Mm-hmm. No, no, no. The mobile phone numbers in the case are all processed pseudo numbers.

It seems unreasonable, but in fact, it is a very scientific statistical query problem.

Why is it that there are two identical yyyy_id records, but not in the statistical query?

Directly turn over the query request:

You can see that it is a relatively simple terms statistical query, to the effect that the records with xxxx_id of 8 and yyyy_id > 0 are queried, the query results are aggregated (group by) according to yyyy_id, and the aggregate results are displayed in reverse order.

According to reason, if there are two records with the same yyyy_id, it will certainly be displayed in front of the statistical results, but in practice, you do not see the same records of the expected yyyy_id in the statistical results, but need to narrow the gt range of yyyy_id in the range condition (gt:0 = > gt:1224545) to see the expected results. what kind of weird posture is this?

First of all, let's learn about some "hidden rules" of terms statistics. Terms statistics take top10 (size=10) data from the index by default. Of course, you can expand the scope of topN by setting the size parameter (this is also recommended here, so that others can know the background clearly when they see the query to avoid falling into the hole).

Even so, the aggregate value of two records with the same yyyy_id should be entered into top10, so here is the second point to note. This test_10 index has 10 shard. The default top10 of terms statistics is to count the top10 of each shard in parallel in each shard, and then summarize the statistical results of all shard to get the final top10 result. Maybe everyone here is a little confused, and simply draw a picture:

Assuming that the index has three fragments, do a top5 statistic in order to find records with the same value (most record values are unique). If the records with the same value happen to be scattered in different shard and sorted at the bottom, then it is likely that even the top5 of a single shard can not be entered, and it is natural not to see the expected L value in the final result. The reason why the expected result can be recalled by modifying the gt condition is mainly because the range of the data bucket is narrowed, so that the L value has the opportunity to enter the top5 of shard.

The above content is what Elaticsearch query problem analysis is like, have you learned the knowledge or skills? If you want to learn more skills or enrich your knowledge reserve, you are welcome to follow the industry information channel.
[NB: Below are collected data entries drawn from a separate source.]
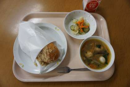 【揚げパン・肉団子入り春雨スープ・野菜のドレッシングがけ・牛乳】です。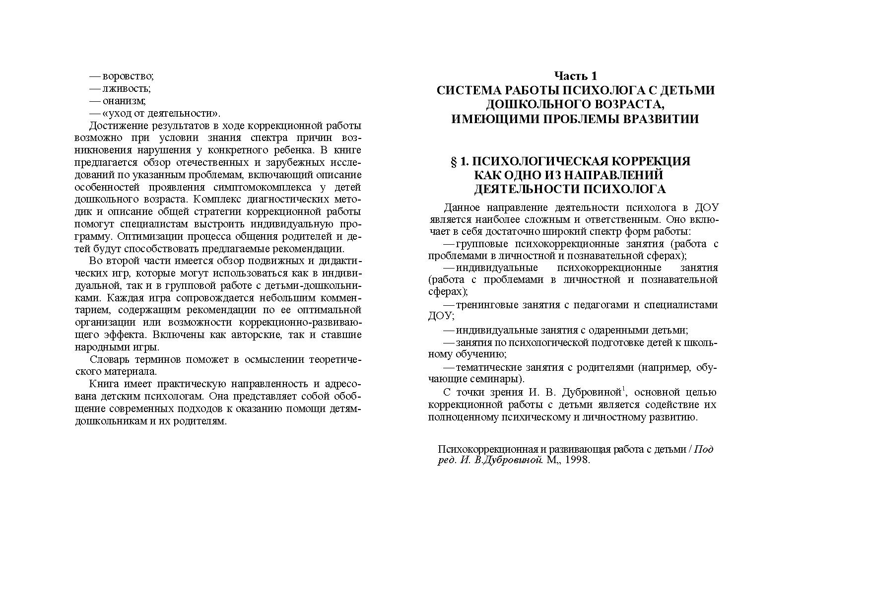 В книге дается обзор современных отечественных и зарубежных исследований по проблемам развития детей дошкольников (гиперактивность, агрессивность, застенчивость, ранний детский аутизм, задержка психического развития и т.д.). Комплекс диагностических методик и описание общей стратегии коррекционной работы помогут специалистам выстроить индивидуальную программу. Предлагаемые рекомендации будут способствовать оптимизации общения родителей и детей.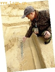 考古发掘工作自3月18日正式开始,截至26日已发掘清理9座墓葬,多为土坑竖穴墓,有一座为空心砖墓。墓葬虽多被盗扰过,但依然出土了一批精美的随葬品。其中,一把青铜剑尤为珍贵,该剑长50厘米,保存十分完整,虽经过2000多年,其刃部依然锋利。郑州市考古研究院专家黄先生告诉记者,从墓葬形制及随葬品初步判断,目前已发掘的9座均为战国时期墓葬。WWw.lSqn.Cn本次出土青铜剑的墓葬位于郑韩故城北,应为战国时期韩国的古墓葬。青铜剑的保存状况和制作工艺又一次印证了文献记载的“天下之强弓劲弩,皆从韩出”的说法(新郑是郑韩故都)。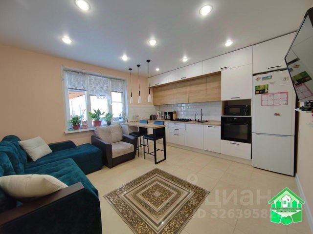 На первом этаже большая кухня-гостиная , теплые полы (плитка)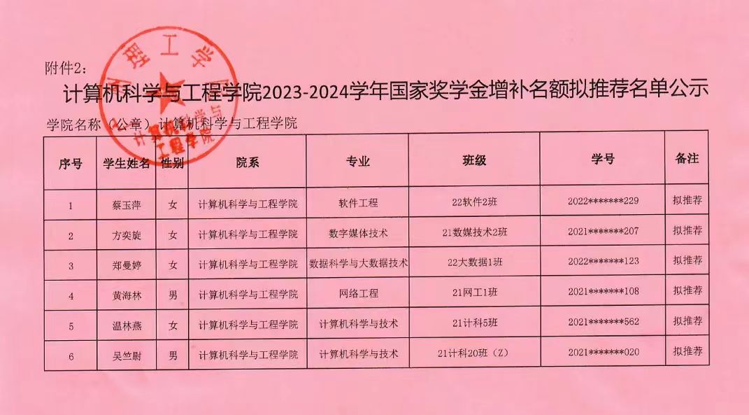 williamhill英国官网关于2023-2024学年国家奖学金增补名单公示
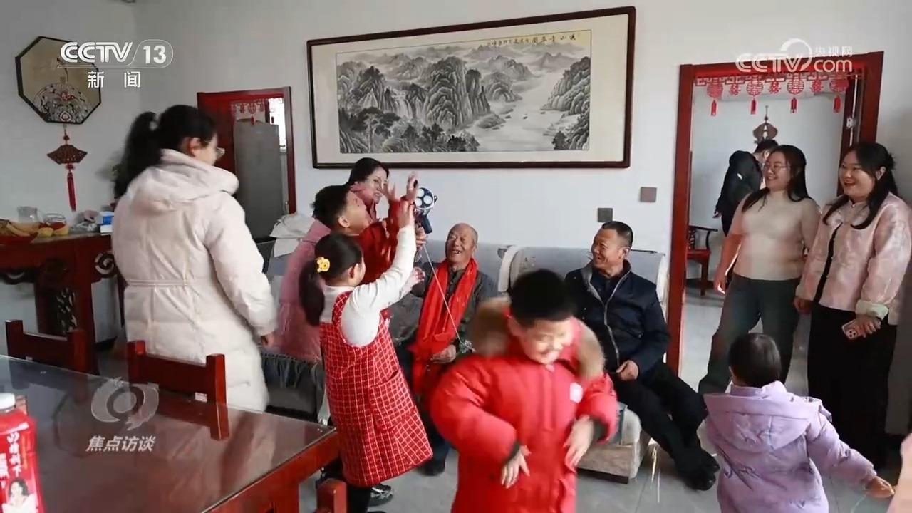 除夕,大紅的“福”字透著節(jié)日的喜氣。在河北省武邑縣的大劉莊村,83歲的郭順義老人家里格外熱鬧,四世同堂的5個家庭,15口人團聚在一起過年,這是這個大家庭一年中最重要的日子。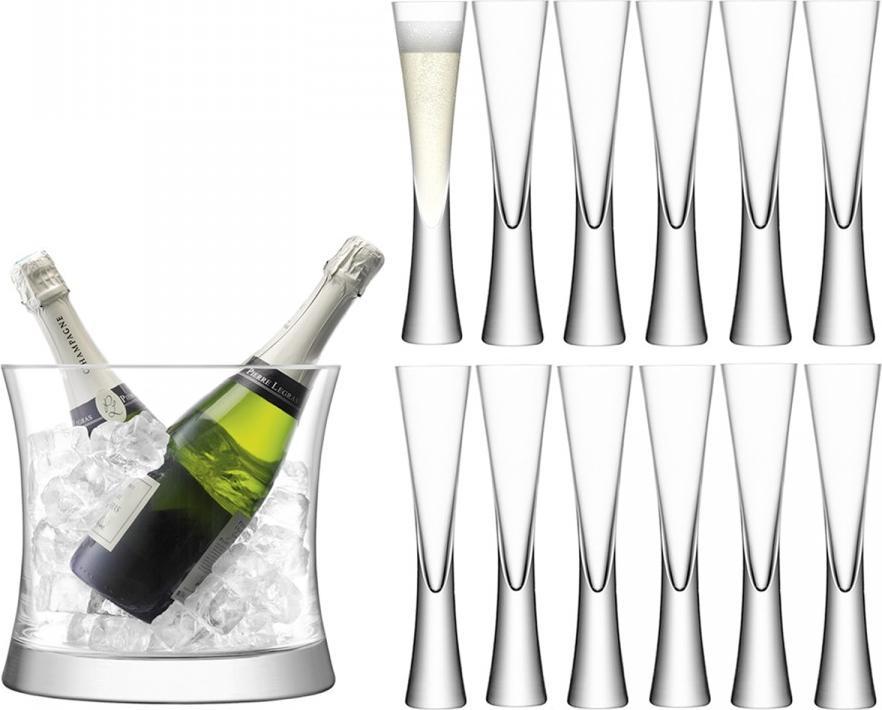 A luxurious champagne serving set that is suitable for 12. Featuring Moya's characteristically thick base and weighty stem, the hand-made champagne flutes and dual champagne bucket are ideal for grand celebrations or as a special gift.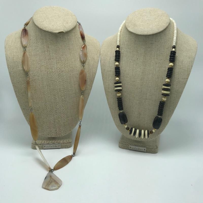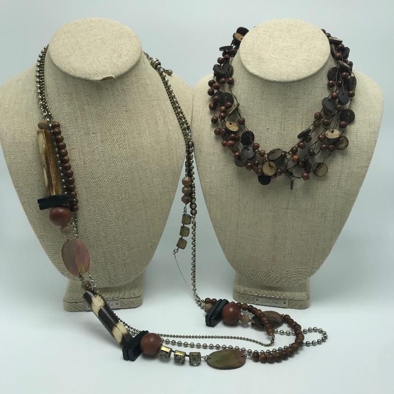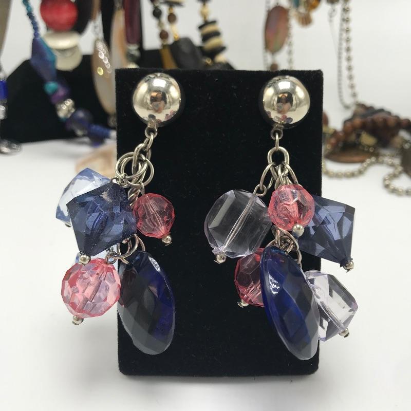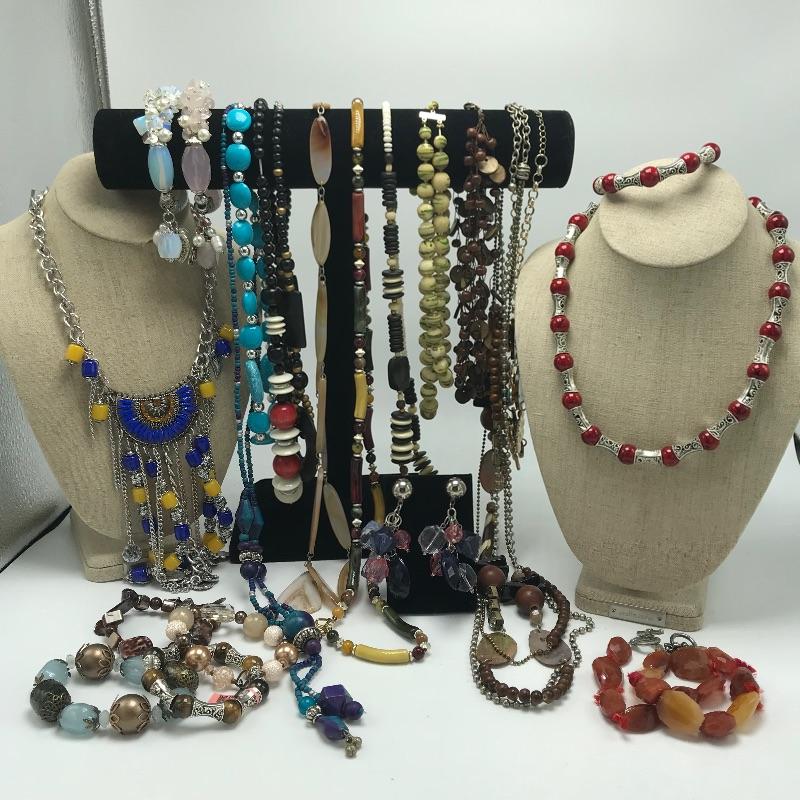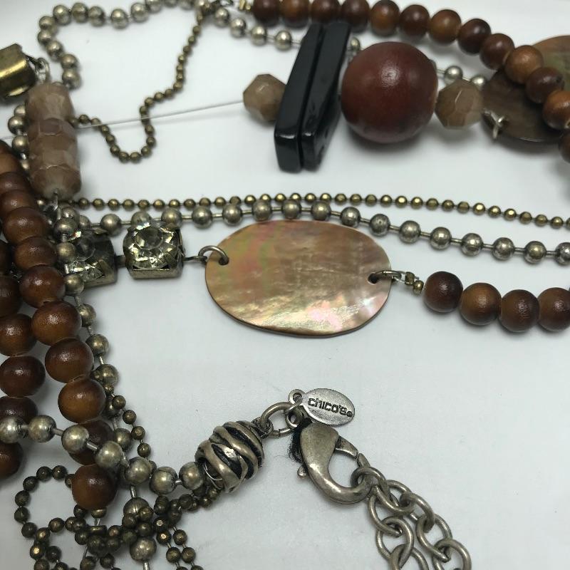 Let your colors shine! Large collection of chunk fashion jewelry with earthly elements! Necklaces, bracelets and a sparkly set of earrings including all sorts of materials like wood, stones, glass, shell and man-made materials too. See photos. One necklace is from Chico’s(The long multi strand one with beads-in pix), the others are unknown.

Welcome to subscribe "Shulou Technology Information " to get latest news, interesting things and hot topics in the IT industry, and controls the hottest and latest Internet news, technology news and IT industry trends.

*The comments in the above article only represent the author's personal views and do not represent the views and positions of this website. If you have more insights, please feel free to contribute and share.